The same report says the number of zombie homes nationwide is actually decreasing. But not in New Jersey. The Garden State has the highest zombie rate of any state; New York is nearly as bad.

"Those are the states with the two absolute longest foreclosure processes in the country," says Daren Blomquist, vice president of RealtyTrac.

Blomquist says the average foreclosure in New York and New Jersey takes about three years to complete — in part, because those states have been aggressive about preventing improper foreclosures.

"The unintended consequence is that we see an even longer protracted foreclosure process in those states," he says.

With the growing backlog of foreclosures, local officials are having a hard time keeping track. Chad Bruner, administrator for Gloucester County, N.J., says individual towns are having trouble getting even the most basic information from banks.

"They call," Bruner says. "And then, 'No, we don't own that property.' And then they call someone else, and they get referred to someone else.

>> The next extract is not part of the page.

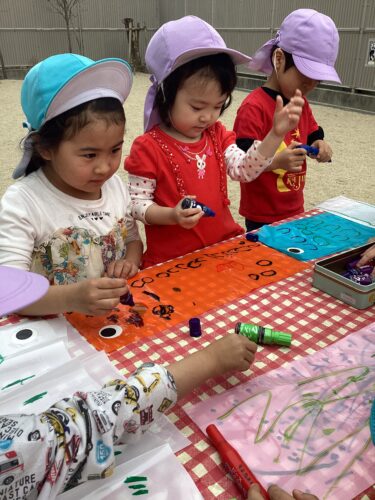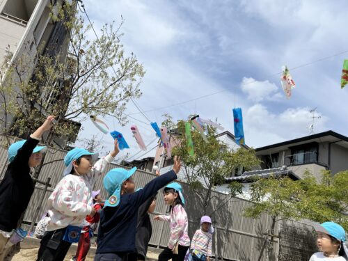 完成した鯉のぼりを園庭に泳がすと、「こいのぼりきれい!」「ほんとにおよいでいるみたい」と喜びの声が沢山聞こえてきました😊

So it's a kind of a big circle. It takes days, weeks for this to happen."

So this summer, Bruner commissioned an outside company to track all the abandoned foreclosures across the county to help towns make sure these houses don't become eyesores and hassles for the neighbors.

But back in Woodbury Heights, McCabe and his wife, Maureen, are skeptical — after all, one neighbor's house has been empty for seven years.

"It freaks me out," says Maureen McCabe. "I don't know if there are animals running around there — mice and rodents — I don't know."

She says this used to be a beautiful house. Now it's hard to imagine anyone buying it. One window is boarded up. Where there used to be a garden, there are weeds. She says it's hard to see this house every day and wonder what it means for her neighborhood.